(Records contained in a dataset)
━━━━
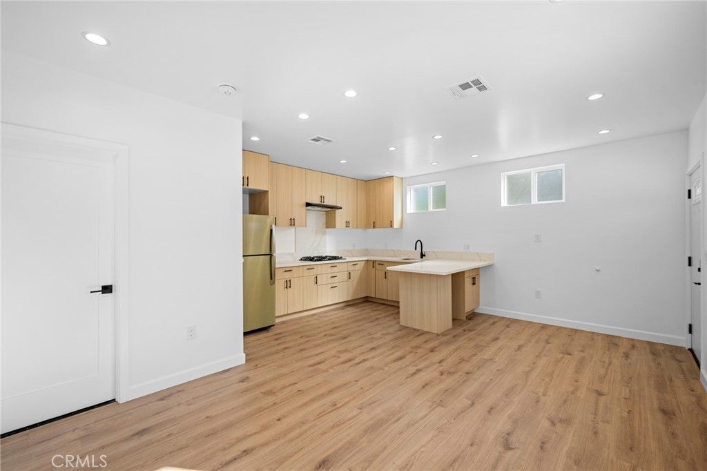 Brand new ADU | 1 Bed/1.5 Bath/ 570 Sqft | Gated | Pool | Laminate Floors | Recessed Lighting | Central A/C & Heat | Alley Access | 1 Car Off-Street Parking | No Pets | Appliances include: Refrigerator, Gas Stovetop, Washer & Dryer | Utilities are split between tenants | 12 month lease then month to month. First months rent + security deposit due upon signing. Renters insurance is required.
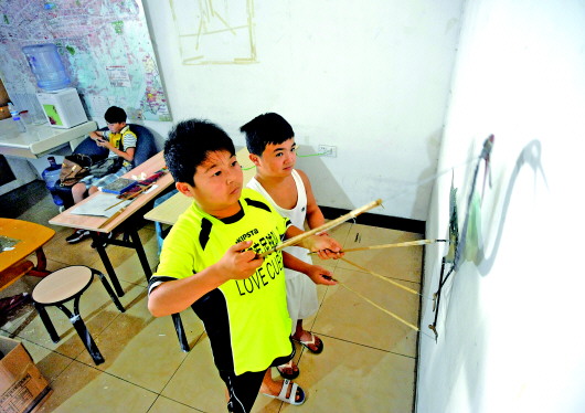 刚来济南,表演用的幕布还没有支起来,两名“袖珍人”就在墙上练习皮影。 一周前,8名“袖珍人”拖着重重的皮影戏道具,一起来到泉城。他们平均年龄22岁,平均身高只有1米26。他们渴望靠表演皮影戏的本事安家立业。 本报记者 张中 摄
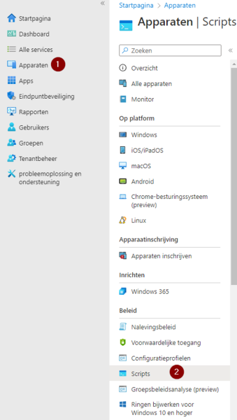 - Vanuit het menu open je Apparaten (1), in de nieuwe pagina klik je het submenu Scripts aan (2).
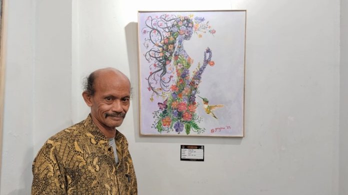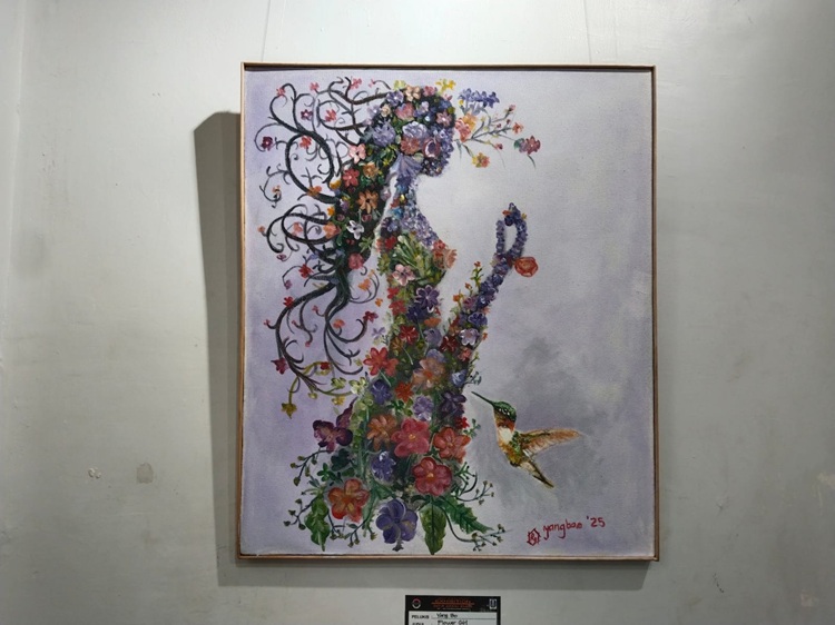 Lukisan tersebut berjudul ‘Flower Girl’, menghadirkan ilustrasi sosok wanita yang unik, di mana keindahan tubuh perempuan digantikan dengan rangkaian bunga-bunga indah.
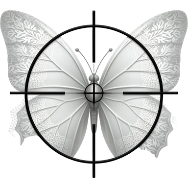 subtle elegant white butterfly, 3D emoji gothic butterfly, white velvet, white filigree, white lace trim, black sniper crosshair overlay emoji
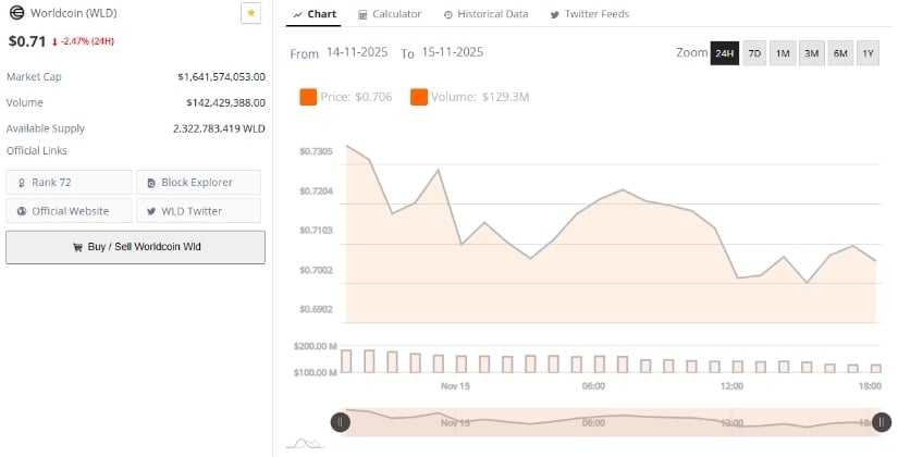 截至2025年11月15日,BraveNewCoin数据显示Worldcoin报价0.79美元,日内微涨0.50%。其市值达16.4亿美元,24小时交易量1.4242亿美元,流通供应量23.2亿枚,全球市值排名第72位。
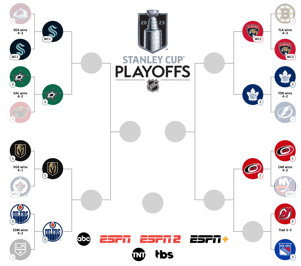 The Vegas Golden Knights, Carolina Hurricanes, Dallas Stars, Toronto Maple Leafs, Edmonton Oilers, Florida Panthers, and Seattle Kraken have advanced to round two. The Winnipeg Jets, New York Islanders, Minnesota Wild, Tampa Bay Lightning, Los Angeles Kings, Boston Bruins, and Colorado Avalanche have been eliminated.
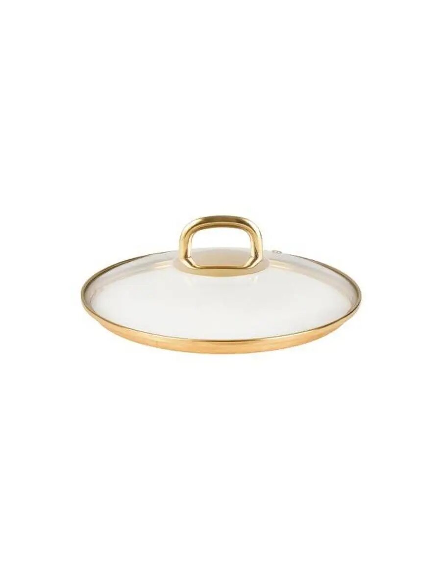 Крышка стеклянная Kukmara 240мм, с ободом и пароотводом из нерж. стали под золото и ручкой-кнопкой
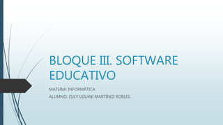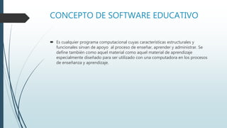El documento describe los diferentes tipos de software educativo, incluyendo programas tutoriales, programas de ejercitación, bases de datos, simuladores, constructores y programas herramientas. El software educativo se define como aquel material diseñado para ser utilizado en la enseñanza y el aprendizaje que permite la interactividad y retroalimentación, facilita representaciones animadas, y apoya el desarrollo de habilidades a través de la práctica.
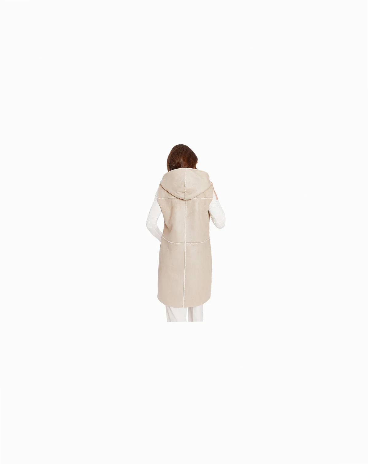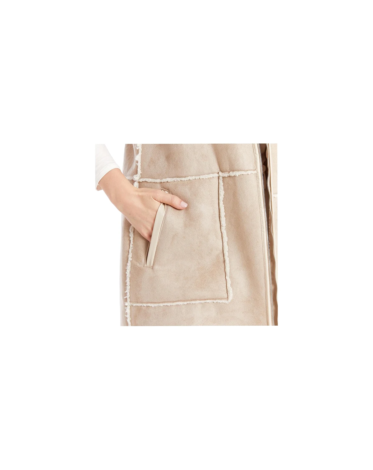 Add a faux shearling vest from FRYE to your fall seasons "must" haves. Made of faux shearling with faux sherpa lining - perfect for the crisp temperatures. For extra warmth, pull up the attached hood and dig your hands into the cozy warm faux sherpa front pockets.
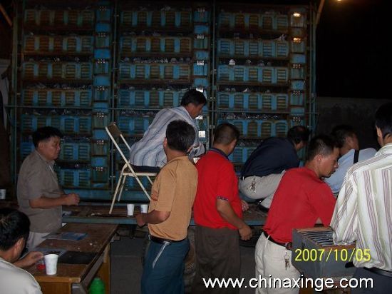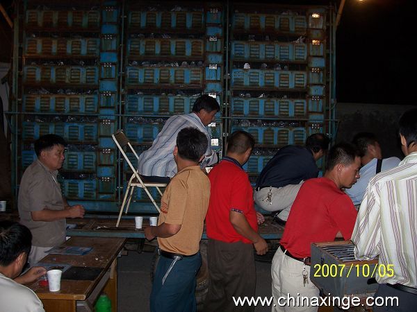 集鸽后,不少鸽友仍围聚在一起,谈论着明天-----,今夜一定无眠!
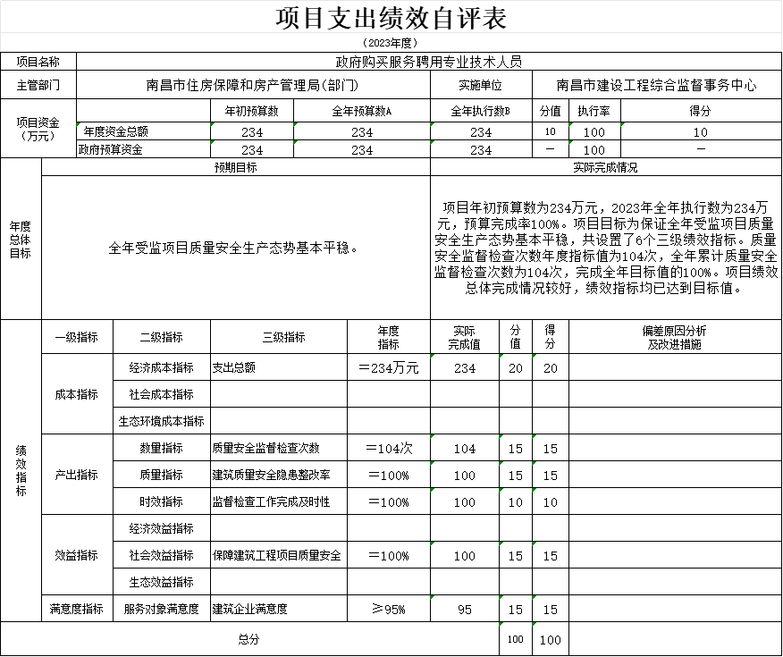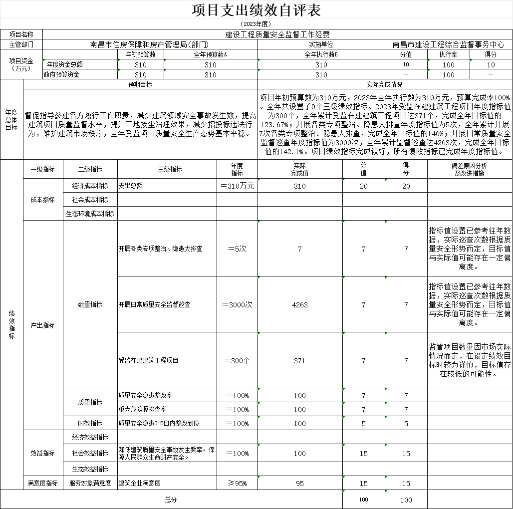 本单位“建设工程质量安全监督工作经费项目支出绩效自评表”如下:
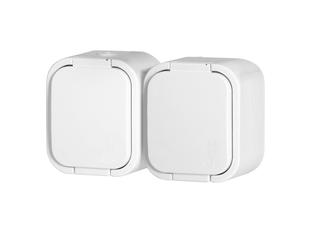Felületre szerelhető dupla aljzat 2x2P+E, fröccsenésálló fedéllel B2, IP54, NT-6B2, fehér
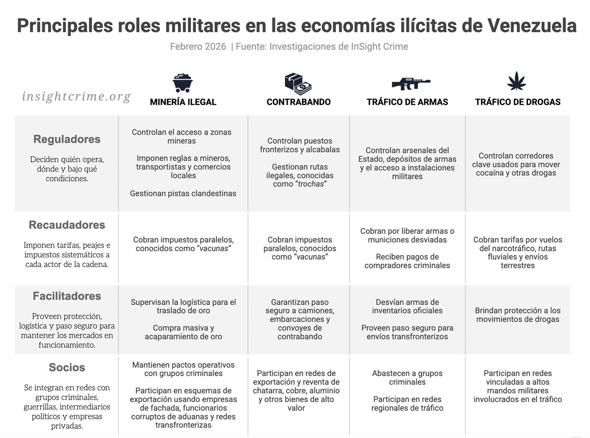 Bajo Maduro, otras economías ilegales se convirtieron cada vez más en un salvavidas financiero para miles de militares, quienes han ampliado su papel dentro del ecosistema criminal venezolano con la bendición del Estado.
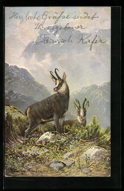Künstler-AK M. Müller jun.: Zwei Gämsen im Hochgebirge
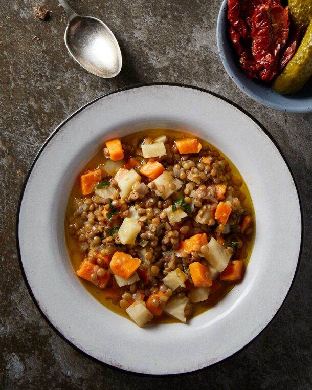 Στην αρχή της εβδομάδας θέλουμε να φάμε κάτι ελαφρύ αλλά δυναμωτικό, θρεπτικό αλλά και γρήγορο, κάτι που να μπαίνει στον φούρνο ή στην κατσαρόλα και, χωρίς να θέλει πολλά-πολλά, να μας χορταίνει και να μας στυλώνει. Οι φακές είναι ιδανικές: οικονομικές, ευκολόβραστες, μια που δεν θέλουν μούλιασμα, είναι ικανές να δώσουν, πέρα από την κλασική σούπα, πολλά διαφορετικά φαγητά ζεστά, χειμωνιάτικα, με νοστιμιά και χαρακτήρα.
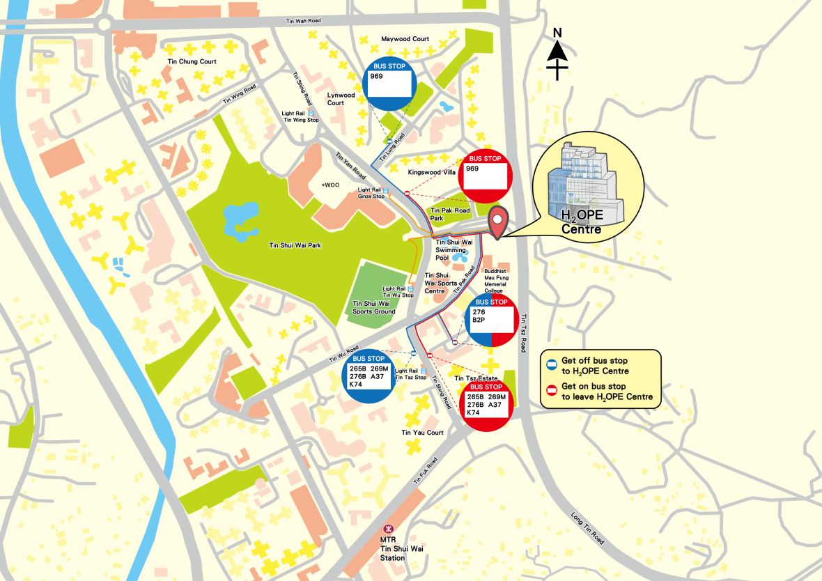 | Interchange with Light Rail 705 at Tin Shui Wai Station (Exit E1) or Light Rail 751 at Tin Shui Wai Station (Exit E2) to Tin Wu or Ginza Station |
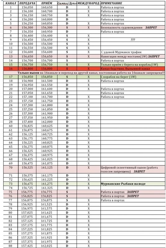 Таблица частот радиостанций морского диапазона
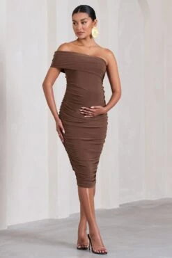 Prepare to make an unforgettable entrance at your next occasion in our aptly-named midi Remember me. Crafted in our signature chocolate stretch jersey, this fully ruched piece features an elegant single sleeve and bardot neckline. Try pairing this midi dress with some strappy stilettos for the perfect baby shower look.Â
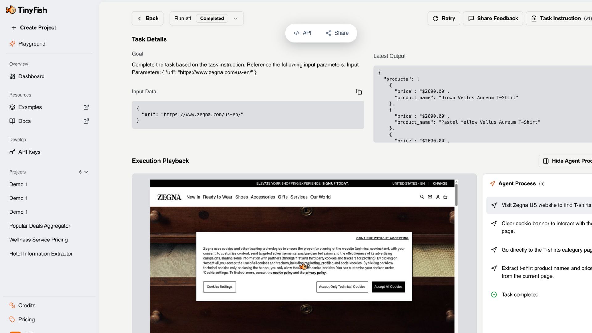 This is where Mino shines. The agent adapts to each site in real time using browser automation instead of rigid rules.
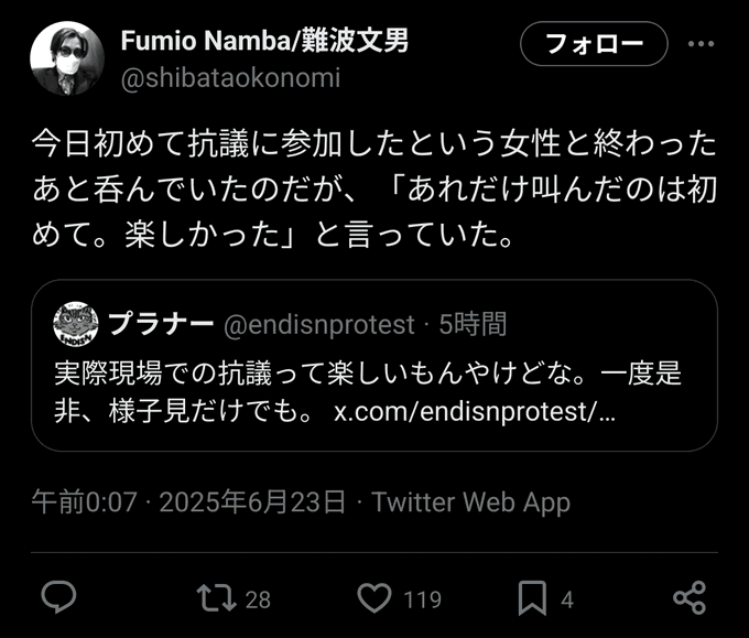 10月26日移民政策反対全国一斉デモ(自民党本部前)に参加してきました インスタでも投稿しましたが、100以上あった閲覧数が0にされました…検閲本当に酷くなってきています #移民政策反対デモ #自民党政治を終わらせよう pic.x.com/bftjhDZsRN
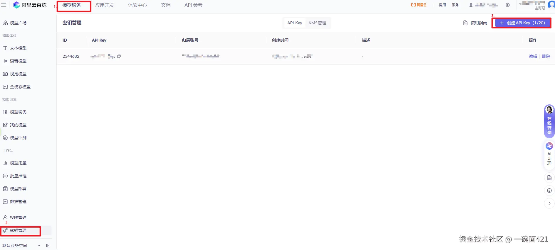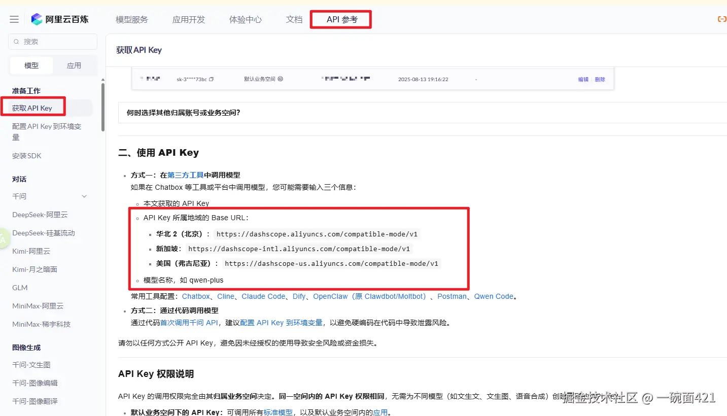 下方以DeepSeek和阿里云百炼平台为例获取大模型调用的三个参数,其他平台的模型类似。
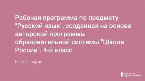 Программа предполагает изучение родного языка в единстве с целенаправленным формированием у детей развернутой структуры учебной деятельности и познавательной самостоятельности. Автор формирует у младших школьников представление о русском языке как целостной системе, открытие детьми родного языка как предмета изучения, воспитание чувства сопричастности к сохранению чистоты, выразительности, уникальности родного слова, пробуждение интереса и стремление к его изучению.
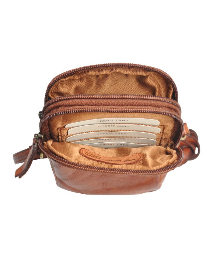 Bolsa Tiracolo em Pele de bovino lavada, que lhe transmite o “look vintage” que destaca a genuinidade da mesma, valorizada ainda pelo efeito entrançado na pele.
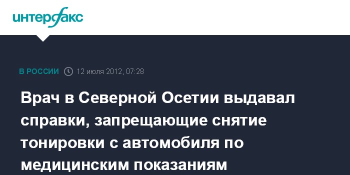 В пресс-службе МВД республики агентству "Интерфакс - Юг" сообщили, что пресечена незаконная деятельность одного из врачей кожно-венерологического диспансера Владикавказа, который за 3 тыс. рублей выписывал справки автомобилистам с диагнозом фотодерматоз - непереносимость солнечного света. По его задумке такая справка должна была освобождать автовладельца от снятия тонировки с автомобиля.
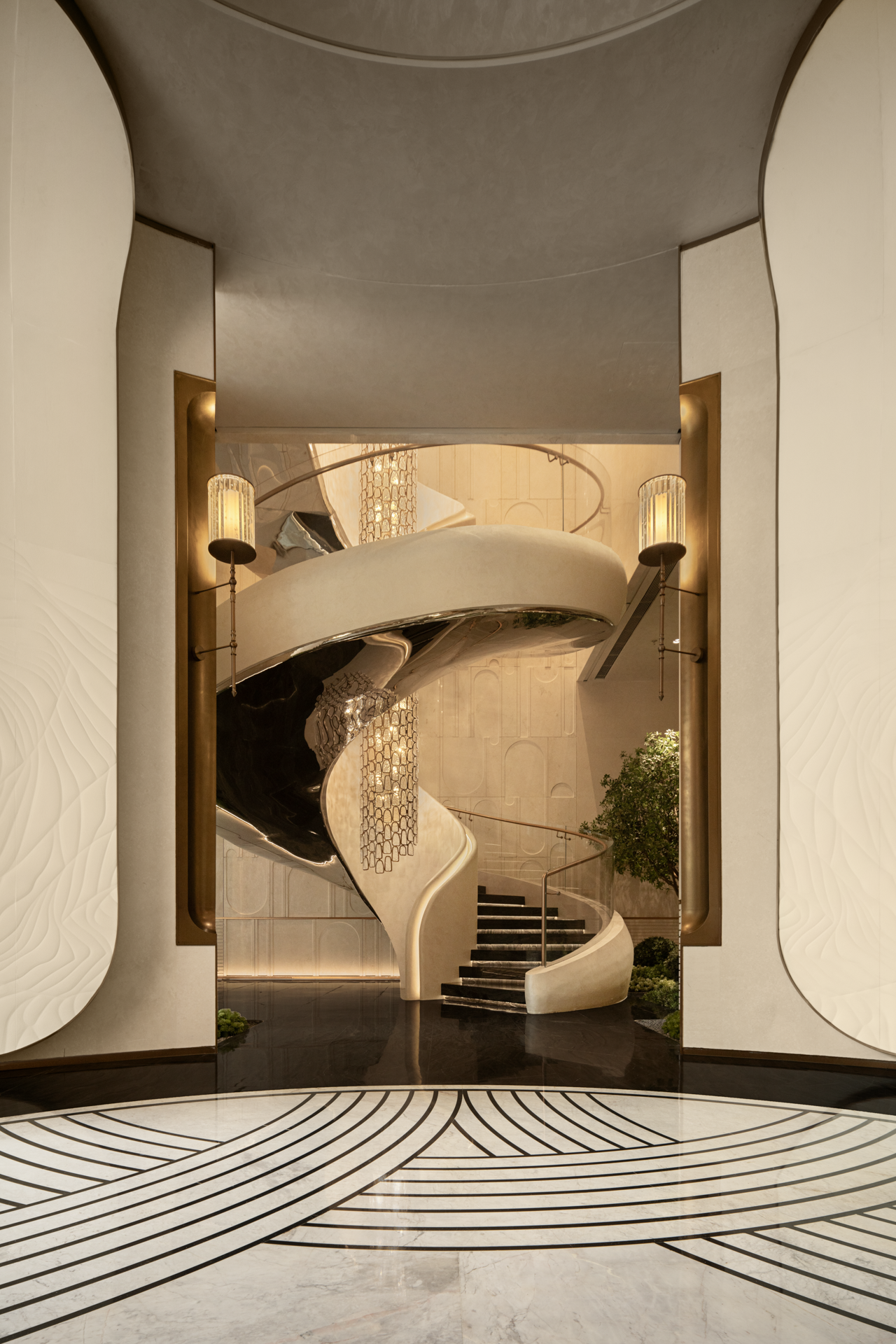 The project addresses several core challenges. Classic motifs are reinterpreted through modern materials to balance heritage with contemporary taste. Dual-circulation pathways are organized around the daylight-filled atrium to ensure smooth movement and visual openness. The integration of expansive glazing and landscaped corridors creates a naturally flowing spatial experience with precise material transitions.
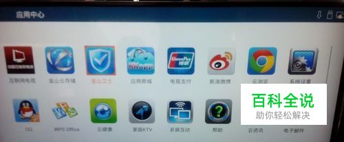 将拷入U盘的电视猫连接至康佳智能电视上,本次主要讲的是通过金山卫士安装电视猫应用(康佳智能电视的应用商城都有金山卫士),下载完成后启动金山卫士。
━━━━
→ TASK INSTRUCTIONS
Above are some records; quote exactly and only the lines that begin at the line containing "Bolsa Tiracolo em" and stop after the line containing "В пресс-службе МВД", leaving out the pictures.

→ RESULT
 Bolsa Tiracolo em Pele de bovino lavada, que lhe transmite o “look vintage” que destaca a genuinidade da mesma, valorizada ainda pelo efeito entrançado na pele.
 В пресс-службе МВД республики агентству "Интерфакс - Юг" сообщили, что пресечена незаконная деятельность одного из врачей кожно-венерологического диспансера Владикавказа, который за 3 тыс. рублей выписывал справки автомобилистам с диагнозом фотодерматоз - непереносимость солнечного света. По его задумке такая справка должна была освобождать автовладельца от снятия тонировки с автомобиля.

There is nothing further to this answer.